|M.Sc Student||Honigman Ori|
|Subject||Image Processing Using Diffusion with Schrodinger's|
|Department||Department of Electrical and Computer Engineering||Supervisor||PROFESSOR EMERITUS Yehoshua Zeevi|
|Full Thesis text|
The complex diffusion process, recently introduced in image processing and computer vision by combining the linear diffusion equation and the 'free-particle' Schrödinger equation, is further generalized by incorporating the Schrödinger potential. It is well known from physics that the Schrödinger equation with potential generates an oscillatory response of a particle to the conditions imposed by a specific structure of the potential. This behavior of the Schrödinger equation highlights the idea that incorporating the potential into the complex diffusion equation, may introduce some kind of 'dynamic boundary conditions' that may serve as a filtering or even enhancing mechanism for textures. We show that this generalized complex diffusion equation is inherently endowed with processing properties suitable for dealing with textures in a naturally coupled manner. The Schrödinger potential is self-adopting to the specific properties of an image at hand, in that it implements an image-specific wavelet shrinkage algorithm. Results indicate that the generalized complex diffusion processing scheme not only preserves textures better than demonstrated by previously-reported results, but can even enhance textures by adjusting the coefficient that determines the magnitude of the potential, relative to the potentialless complex diffusion.

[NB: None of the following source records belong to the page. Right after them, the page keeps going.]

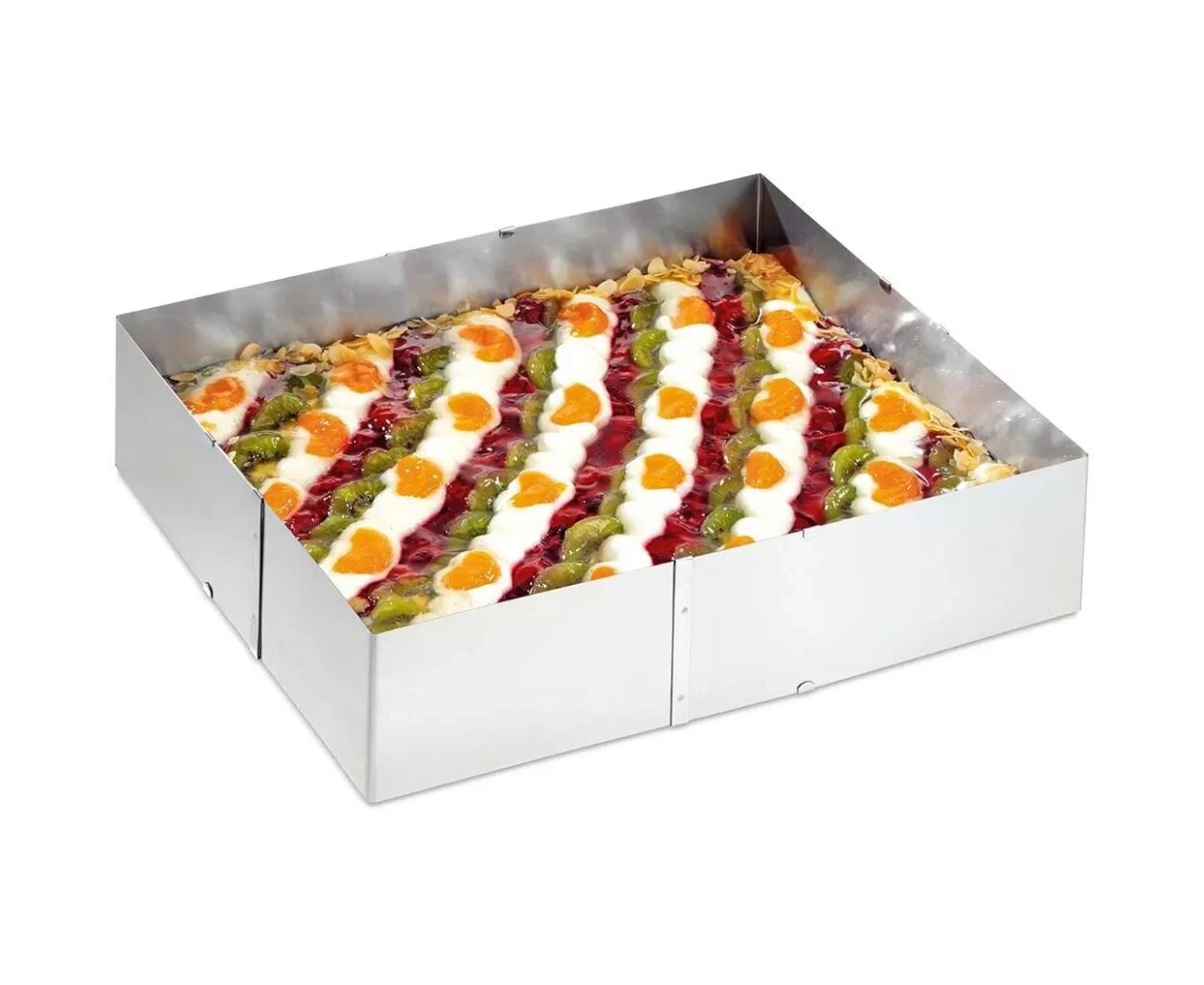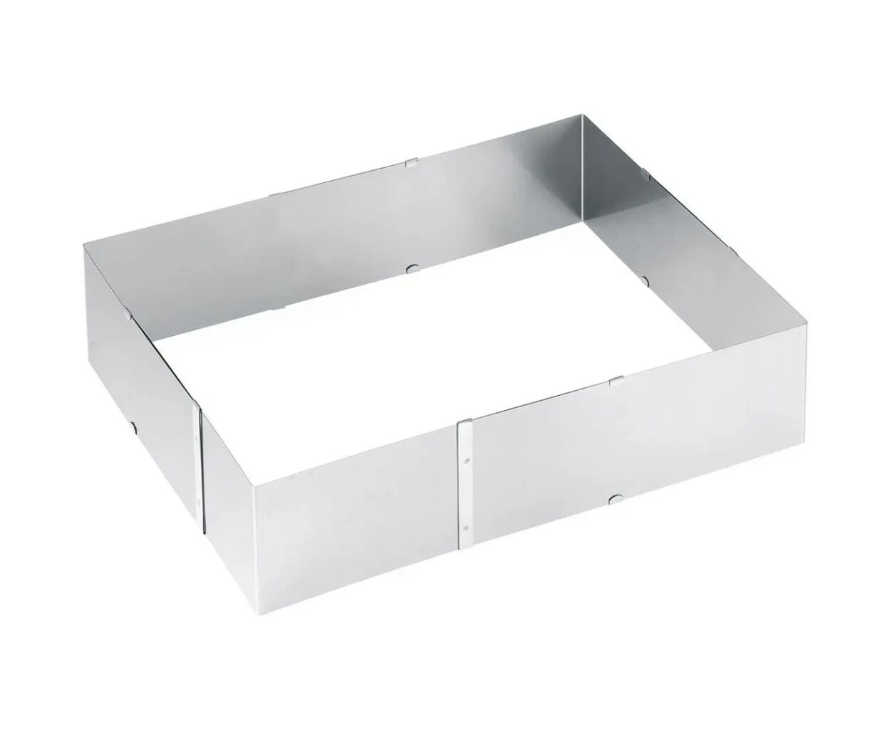 Рамка для выпечки UNO имеет высоту 8,5 см и предназначена для приготовления пирожных и тортов с большим количеством начинки. Она регулируется от 20 x 24 см до 38 x 46 см, что позволяет адаптировать ее под разные противни. Высокие края формы помогают тесту сохранять форму и предотвращают утечку начинки. Также подходит для приготовления холодных десертов, например с йогуртовой или творожной начинкой. После выпечки можно охладить основание и добавить начинку по вкусу.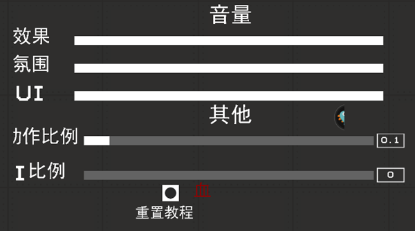 玩家可以设置效果、氛围、UI、力作比例、I比例等等,还能够重置教程。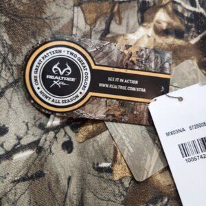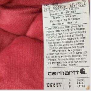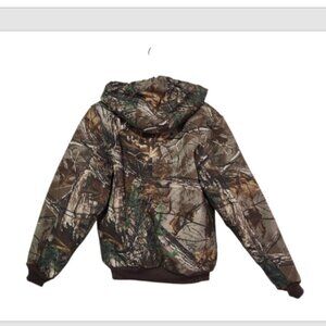 The Carhartt camo Realtree hooded pink quilt lined jacket in Women's size small is a versatile and stylish outerwear option for women. Made from cotton canvas with a polyester lining and insulation, this active jacket is perfect for casual or workwear occasions in the winter, fall, and spring seasons. Featuring a camouflage pattern with pink embroidery, this jacket includes inner and outer pockets, a hood, and a zipper closure for added convenience. The Carhartt brand is known for quality and durability, making this jacket a practical and fashionable choice for those who enjoy outdoor activities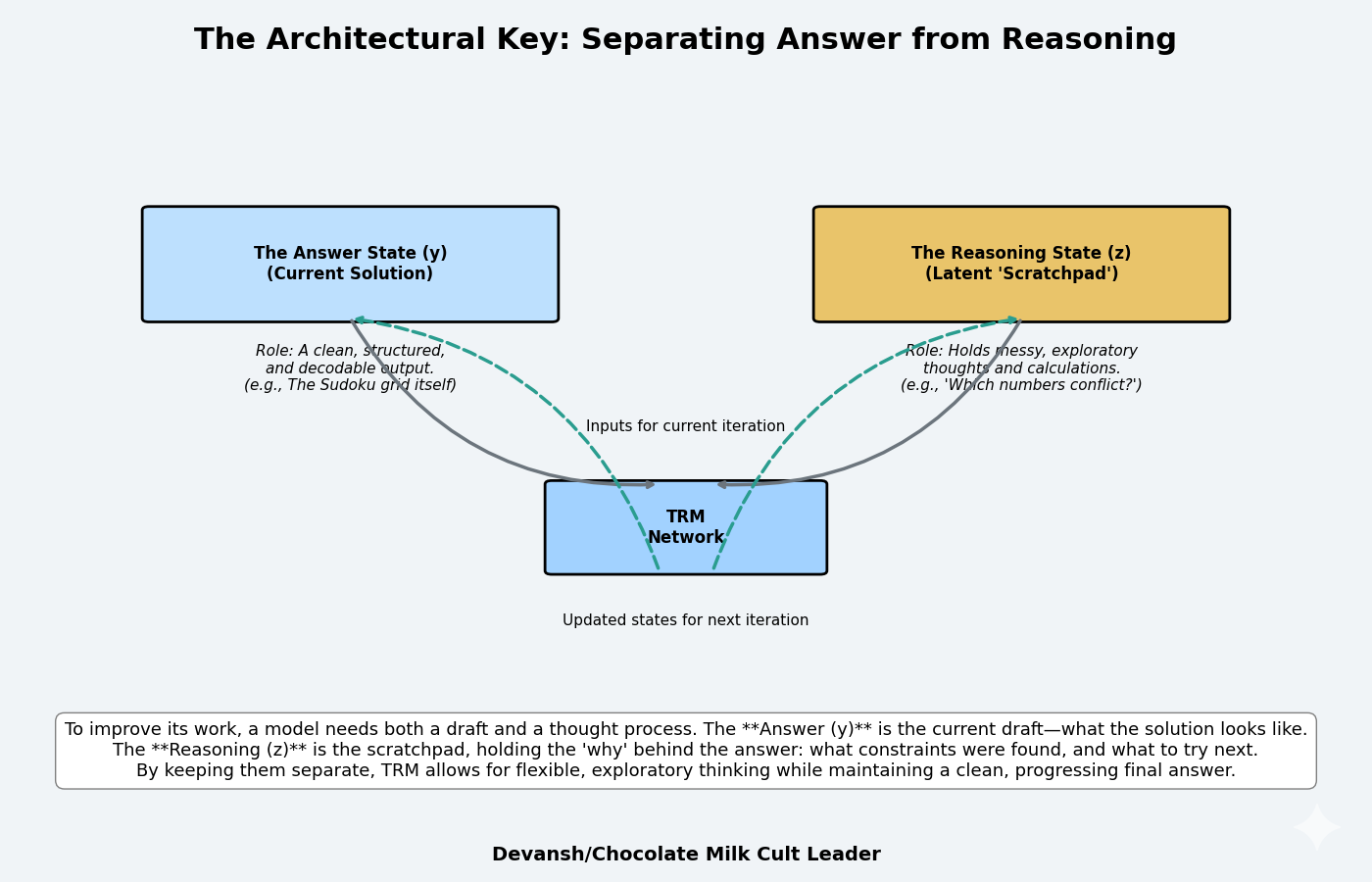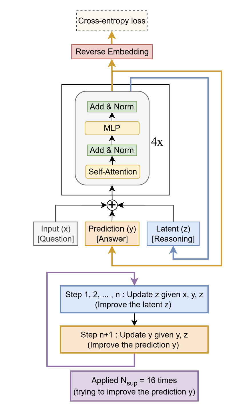 Separating y and z gives the model flexibility: z can be messy, exploratory, full of intermediate computations. Then, when ready, the model can extract a clean answer y from the reasoning state z. The next iteration can look at both — “here’s my current answer y and here’s how I was thinking about it z, now let me improve both.”

Real-valued linear diffusion is controlled by the heat diffusion equation. In physics the generalized heat diffusion equation also handles the presence of a heat source, this is achieved by adding a heat source term to the partial differential equation (PDE). We incorporate a heat source term to the Perona and Malik (PM) scheme for nonlinear diffusion equation. This heat source term is derived using the wavelet shrinkage algorithm. Results obtained by the application of this type of generalized PM operator show that this processing benefits from both the smoothness model, assumed in the nonlinear diffusion, and the preservation of textures inherent in the wavelet shrinkage. In our framework we actually fuse the unique information produced by the nonlinear diffusion process and the wavelet shrinkage.
Finally, we show that by adding a heat source term to the Beltrami flow we can process color images and other multidimensional inputs while benefitting from both worlds - the joint channel information and the textural information derived by the nonlinear wavelet process, which is used to construct the heat source term.
Convergence of the different numerical schemes, presented in our work, to the PDEs they originate from is proved by analysis of the stability and consistency. Furthermore determining the different parameters that control the processes is discussed.